● DATA TO PROCESS
------

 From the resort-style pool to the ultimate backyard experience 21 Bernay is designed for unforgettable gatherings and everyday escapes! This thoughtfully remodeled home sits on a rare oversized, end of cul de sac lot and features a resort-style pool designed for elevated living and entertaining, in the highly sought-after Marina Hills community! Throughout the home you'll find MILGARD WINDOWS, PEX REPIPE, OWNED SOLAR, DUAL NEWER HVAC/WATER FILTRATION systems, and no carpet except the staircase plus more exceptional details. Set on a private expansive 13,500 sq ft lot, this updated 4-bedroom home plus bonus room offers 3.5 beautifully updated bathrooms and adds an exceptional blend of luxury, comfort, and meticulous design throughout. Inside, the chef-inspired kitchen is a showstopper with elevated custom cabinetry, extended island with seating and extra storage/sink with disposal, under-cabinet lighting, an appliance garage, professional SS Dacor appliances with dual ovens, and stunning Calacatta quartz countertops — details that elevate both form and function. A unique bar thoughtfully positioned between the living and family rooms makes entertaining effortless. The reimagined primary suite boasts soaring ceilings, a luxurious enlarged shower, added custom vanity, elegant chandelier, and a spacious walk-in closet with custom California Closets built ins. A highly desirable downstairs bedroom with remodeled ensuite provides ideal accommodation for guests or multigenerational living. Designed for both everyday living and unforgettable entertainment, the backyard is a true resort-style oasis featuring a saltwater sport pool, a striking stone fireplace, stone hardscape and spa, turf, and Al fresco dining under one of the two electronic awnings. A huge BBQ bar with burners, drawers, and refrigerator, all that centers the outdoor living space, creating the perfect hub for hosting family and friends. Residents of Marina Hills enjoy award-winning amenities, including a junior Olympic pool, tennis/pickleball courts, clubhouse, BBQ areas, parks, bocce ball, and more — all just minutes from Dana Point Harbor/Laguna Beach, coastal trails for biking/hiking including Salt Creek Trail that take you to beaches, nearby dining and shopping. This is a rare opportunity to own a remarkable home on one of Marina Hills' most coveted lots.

------

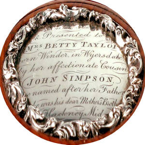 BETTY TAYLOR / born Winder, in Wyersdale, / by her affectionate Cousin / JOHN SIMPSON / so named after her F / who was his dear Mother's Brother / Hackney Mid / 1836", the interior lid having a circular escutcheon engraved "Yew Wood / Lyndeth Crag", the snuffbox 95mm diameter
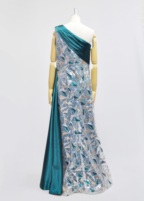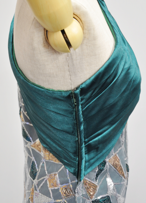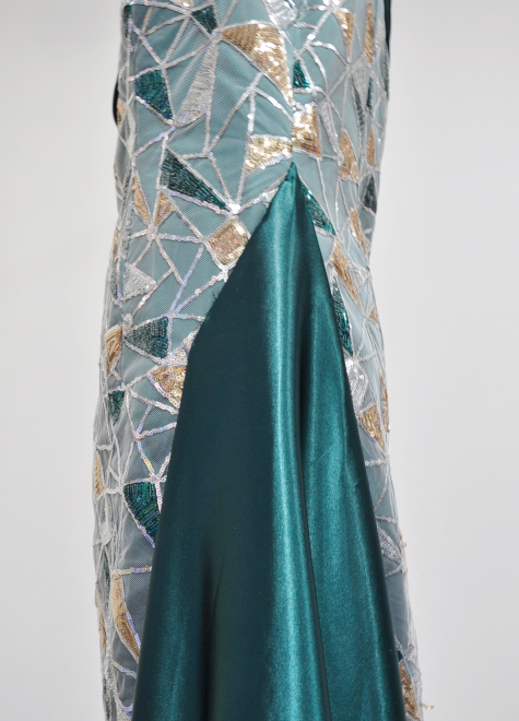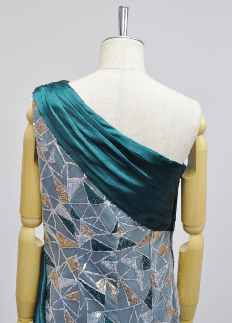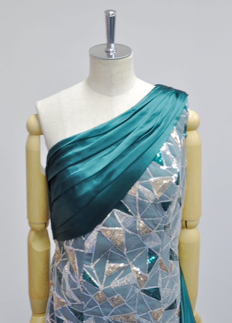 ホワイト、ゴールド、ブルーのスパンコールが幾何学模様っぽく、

------

● YOUR OBJECTIVE
From the material above, give again exactly the lines from the one that contains "BETTY TAYLOR /" through the one that contains "ホワイト、ゴールド、ブルーのスパンコールが幾何学模様っぽく、", and leave out the pictures.

● SOLVED PROBLEM
 BETTY TAYLOR / born Winder, in Wyersdale, / by her affectionate Cousin / JOHN SIMPSON / so named after her F / who was his dear Mother's Brother / Hackney Mid / 1836", the interior lid having a circular escutcheon engraved "Yew Wood / Lyndeth Crag", the snuffbox 95mm diameter
 ホワイト、ゴールド、ブルーのスパンコールが幾何学模様っぽく、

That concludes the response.